I know this is a sarcastic take on HN's overall conservation, but you must admit Ajax has its place, and it's not necessarily on a search engine result page.
Besides, it ruins much of my browser behavior, shortcuts for example don't work at all, such as backspace. A barebones page would have been a better fit in the target environment (the web).
Google seems to be the biggest culprit in breaking keyboard shortcuts: backspace, keyboards, etc. Surprises me, because surely many of their employees are 'power users' - doesn't it infuriate them, too? I wonder if Chrome has a 'don't hijack keyboard' extension ...
What I miss most is the "cached" link being directly visible. Mostly because 90% of my Internet browsing has to be done this way due to draconian proxy rules at work. Anything forum-like is blocked (yes, even StackOverflow).
I cried a bit when they made the cached link a 2 click process.
I assume that the top "Google RN" link refers to "RealNames", which was a cross between AOL keywords and an alternate domain name system. It surprising to see that there, because canonical registries (i.e. Yahoo, RealNames) are kinda the antithesis of what Google was pioneering at the time (i.e. PageRank).
The altavista.com link is wrong if you are/were trying to get to AltaVista search engine. That said, I'm curious which domain Google actually linked to at the time as the search is still available on that page.

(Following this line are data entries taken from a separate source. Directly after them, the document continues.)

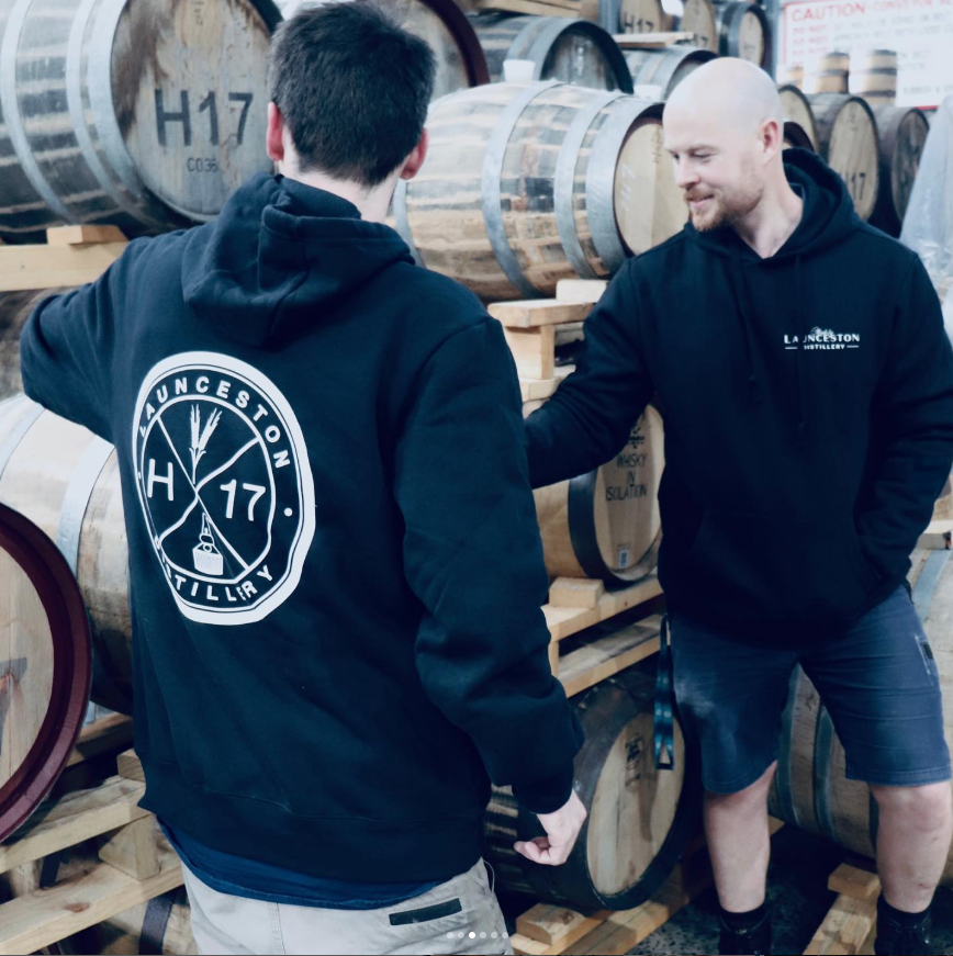 A pull over hoodie featuring the Made by Launceston Distillery logo on the front and …
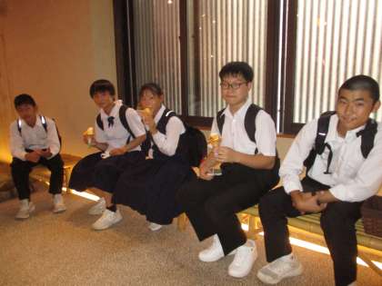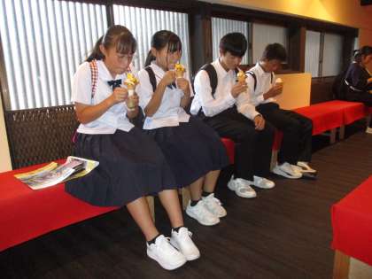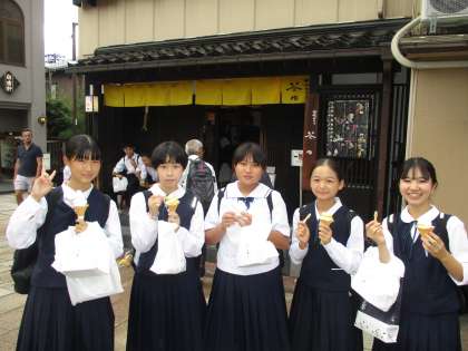 ひがし茶屋街で、金沢名物「金箔ソフトクリーム」を味わって食べています。生徒たちの間で大人気でした。
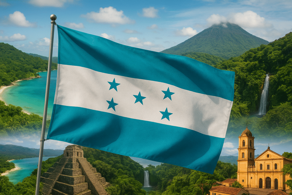 Imagen creada con IA | Representando la Bandera Nacional, de fondo diversos destinos turísticos de Honduras | MRN
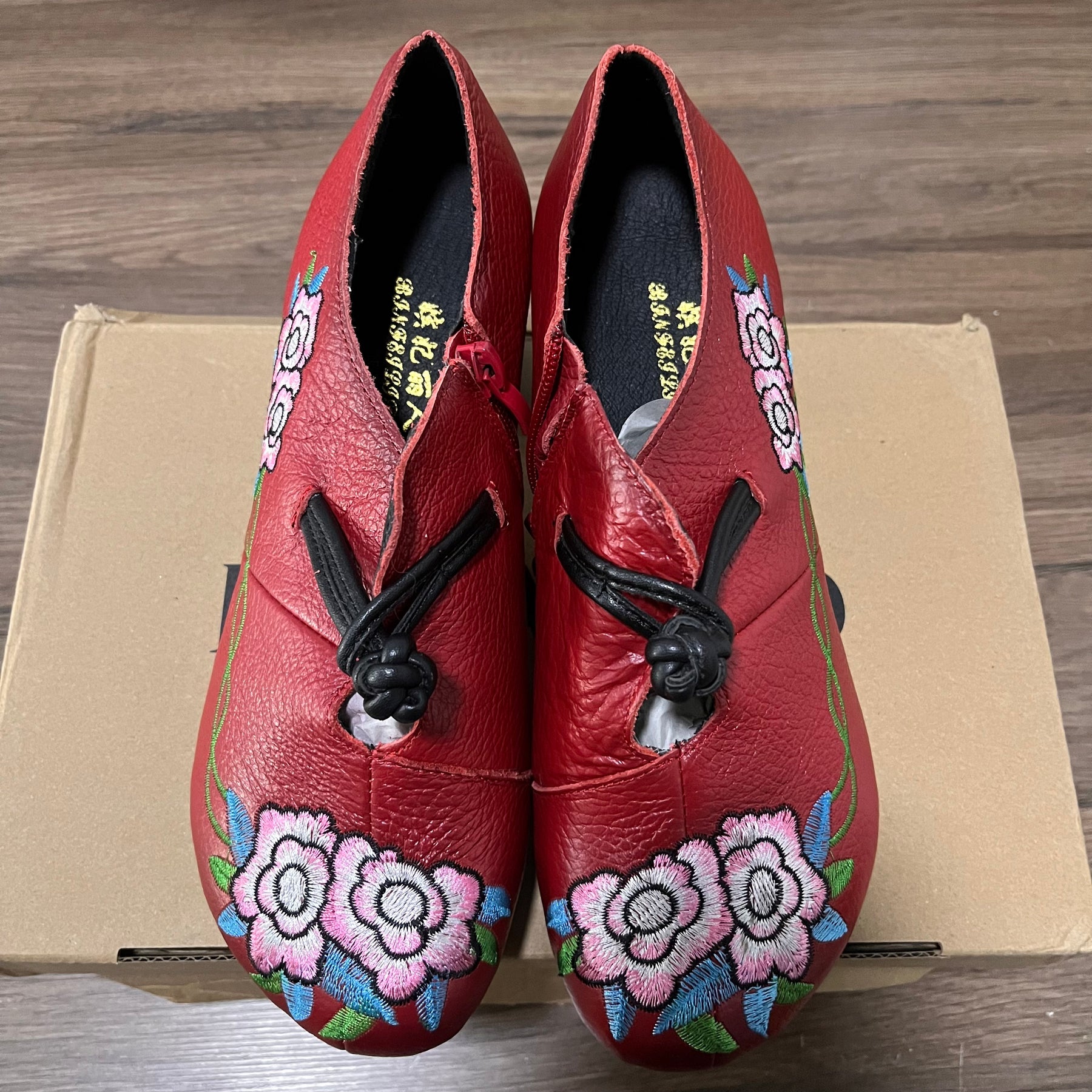 【Only 1】Red Retro Embroidered Leather Lace-Up Chunky Shoes

Java Applets were light years ahead of anything else including Flash. The single only reason why Java Applets did not become the defacto interactive web client side technology is due to (in my opinion) Microsoft. And as another reader pointed out, it's an animated GIF.
From my perspective, the reason they didn't catch on was because they took forever to load and most did gimmicky things like the cheezy water effect. If they had used it to make a YouTube-alike back in the day, it might have caught on.
Not really. The current flat design fad will look tired in a few years too. (I'm going to do a dance in the street when the designers finally get tired of Helvetica Light.)
What's really interesting is that the link to Amazon in 1998 looks basically like Amazon today. There's one site that hasn't really changed at all in 15 years; instead of switching fonts around, they built fulfillment warehouses instead. Interesting when you look back into the past.
I completely agree. I think it's amazing how our perception slowly shifts over time, until things that seemed high tech turn antiquated simply because we were overexposed to a certain font.
This was not long after I gave up on webcrawler and altavista. I miss the picture of the spider or web, or whatever.
You know, despite it being around almost forever (I think they tried removing it once, right?), I've never really used "I'm feeling lucky". I just never feel that way when I'm using Google, I guess.
It gives the user a very good, immediate overview of the results without bad, distracting UI noise all over the place. Sometimes less is definitely more.
Not that it bothers me much though, I've long switch to duckduckgo. They are actually innovating at this search-engine game, much unlike Google.